**The data:**
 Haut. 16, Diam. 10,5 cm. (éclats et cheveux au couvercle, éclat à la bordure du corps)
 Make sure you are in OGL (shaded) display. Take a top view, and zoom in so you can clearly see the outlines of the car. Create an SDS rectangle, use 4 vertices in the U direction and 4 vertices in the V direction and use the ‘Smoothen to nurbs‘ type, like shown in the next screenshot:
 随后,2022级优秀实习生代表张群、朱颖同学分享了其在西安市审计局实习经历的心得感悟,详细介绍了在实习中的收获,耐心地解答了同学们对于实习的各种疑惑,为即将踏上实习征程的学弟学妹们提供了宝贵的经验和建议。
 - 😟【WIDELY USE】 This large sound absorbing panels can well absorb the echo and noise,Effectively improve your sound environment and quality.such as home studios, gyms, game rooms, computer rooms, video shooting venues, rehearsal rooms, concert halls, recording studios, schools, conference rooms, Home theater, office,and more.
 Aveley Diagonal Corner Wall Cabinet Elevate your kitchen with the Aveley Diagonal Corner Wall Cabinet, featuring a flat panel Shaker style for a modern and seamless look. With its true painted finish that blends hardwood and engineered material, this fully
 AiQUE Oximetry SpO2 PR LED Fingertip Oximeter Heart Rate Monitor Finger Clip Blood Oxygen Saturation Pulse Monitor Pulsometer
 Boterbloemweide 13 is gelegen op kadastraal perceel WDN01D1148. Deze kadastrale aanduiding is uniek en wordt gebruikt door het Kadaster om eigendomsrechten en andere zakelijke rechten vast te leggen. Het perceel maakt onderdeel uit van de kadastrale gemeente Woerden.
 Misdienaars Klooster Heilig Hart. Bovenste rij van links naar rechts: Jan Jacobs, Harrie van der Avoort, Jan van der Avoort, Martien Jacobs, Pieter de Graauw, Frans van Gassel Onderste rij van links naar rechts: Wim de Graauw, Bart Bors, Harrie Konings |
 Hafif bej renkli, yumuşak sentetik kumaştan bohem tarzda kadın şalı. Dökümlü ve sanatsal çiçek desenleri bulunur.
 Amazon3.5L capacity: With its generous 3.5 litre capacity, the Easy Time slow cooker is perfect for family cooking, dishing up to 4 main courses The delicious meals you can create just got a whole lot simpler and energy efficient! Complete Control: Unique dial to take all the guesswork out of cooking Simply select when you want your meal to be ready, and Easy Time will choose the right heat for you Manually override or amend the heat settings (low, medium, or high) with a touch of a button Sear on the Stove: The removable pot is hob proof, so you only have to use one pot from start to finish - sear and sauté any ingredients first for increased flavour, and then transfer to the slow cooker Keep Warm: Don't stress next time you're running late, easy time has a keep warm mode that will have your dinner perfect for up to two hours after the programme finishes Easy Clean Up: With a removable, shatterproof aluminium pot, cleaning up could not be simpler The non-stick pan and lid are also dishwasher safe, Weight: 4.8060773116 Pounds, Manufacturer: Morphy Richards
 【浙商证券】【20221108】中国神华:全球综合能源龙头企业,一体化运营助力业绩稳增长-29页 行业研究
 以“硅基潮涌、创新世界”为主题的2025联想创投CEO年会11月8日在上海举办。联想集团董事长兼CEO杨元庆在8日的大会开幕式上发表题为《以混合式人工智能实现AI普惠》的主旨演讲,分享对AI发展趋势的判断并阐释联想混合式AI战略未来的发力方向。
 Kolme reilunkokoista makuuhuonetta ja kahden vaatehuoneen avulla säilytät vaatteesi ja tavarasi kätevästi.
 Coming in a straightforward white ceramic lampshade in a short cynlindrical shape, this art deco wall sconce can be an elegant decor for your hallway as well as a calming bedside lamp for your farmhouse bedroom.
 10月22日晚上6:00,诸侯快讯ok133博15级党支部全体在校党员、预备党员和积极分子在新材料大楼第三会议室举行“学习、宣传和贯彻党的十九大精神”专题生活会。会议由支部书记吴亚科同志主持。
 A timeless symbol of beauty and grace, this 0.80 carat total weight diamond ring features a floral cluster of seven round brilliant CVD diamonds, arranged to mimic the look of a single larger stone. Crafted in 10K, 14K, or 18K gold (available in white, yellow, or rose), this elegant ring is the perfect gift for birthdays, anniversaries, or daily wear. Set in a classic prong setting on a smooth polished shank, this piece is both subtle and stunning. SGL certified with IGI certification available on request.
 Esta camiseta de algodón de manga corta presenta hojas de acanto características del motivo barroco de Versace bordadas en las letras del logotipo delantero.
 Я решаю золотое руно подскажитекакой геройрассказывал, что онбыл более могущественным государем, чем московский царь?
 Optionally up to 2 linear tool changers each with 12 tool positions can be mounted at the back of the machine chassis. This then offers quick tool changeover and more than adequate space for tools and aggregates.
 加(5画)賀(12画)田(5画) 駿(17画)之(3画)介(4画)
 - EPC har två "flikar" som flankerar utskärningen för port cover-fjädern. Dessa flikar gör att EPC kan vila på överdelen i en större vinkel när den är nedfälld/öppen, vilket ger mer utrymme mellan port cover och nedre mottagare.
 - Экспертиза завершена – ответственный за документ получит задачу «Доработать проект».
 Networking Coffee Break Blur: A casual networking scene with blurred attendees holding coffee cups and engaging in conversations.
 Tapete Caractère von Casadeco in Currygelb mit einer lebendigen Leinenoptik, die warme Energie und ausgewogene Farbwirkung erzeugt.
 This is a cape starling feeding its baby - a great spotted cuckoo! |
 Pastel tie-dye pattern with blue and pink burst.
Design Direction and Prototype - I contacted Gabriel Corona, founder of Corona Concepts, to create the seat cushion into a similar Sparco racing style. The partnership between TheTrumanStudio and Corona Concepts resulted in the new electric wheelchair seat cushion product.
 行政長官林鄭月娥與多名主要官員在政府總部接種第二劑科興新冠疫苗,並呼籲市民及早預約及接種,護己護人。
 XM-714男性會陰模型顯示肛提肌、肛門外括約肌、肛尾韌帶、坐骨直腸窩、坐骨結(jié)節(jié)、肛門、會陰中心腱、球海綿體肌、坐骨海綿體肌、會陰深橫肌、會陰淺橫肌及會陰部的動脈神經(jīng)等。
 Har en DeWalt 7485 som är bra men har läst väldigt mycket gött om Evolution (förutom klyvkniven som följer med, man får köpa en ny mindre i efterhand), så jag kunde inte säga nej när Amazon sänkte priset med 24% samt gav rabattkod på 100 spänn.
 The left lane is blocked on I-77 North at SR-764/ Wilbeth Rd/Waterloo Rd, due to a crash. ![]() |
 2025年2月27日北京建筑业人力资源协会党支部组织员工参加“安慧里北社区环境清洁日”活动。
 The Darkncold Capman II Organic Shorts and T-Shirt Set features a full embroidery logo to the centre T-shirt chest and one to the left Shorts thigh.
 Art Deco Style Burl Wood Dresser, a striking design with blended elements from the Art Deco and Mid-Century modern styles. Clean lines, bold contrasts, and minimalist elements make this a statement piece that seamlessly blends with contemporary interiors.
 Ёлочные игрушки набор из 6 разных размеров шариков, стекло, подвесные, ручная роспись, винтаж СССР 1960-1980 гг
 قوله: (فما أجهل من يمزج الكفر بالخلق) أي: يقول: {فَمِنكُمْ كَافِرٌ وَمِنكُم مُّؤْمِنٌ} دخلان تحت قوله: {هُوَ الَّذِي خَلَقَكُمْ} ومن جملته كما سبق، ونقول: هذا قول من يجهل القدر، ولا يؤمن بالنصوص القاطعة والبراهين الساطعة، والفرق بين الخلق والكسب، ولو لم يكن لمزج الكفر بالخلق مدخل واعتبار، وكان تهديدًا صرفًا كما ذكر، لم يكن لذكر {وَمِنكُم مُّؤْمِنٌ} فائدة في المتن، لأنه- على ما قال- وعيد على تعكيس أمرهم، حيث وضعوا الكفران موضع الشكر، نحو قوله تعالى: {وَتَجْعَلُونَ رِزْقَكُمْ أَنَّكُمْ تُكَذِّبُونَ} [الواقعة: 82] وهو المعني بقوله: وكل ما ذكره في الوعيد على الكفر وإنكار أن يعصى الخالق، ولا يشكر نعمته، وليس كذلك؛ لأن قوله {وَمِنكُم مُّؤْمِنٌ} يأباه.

**How to complete this task:** After reading the listing above, work out how many lines contain "well" and reply with that number only.

**Response area:** 2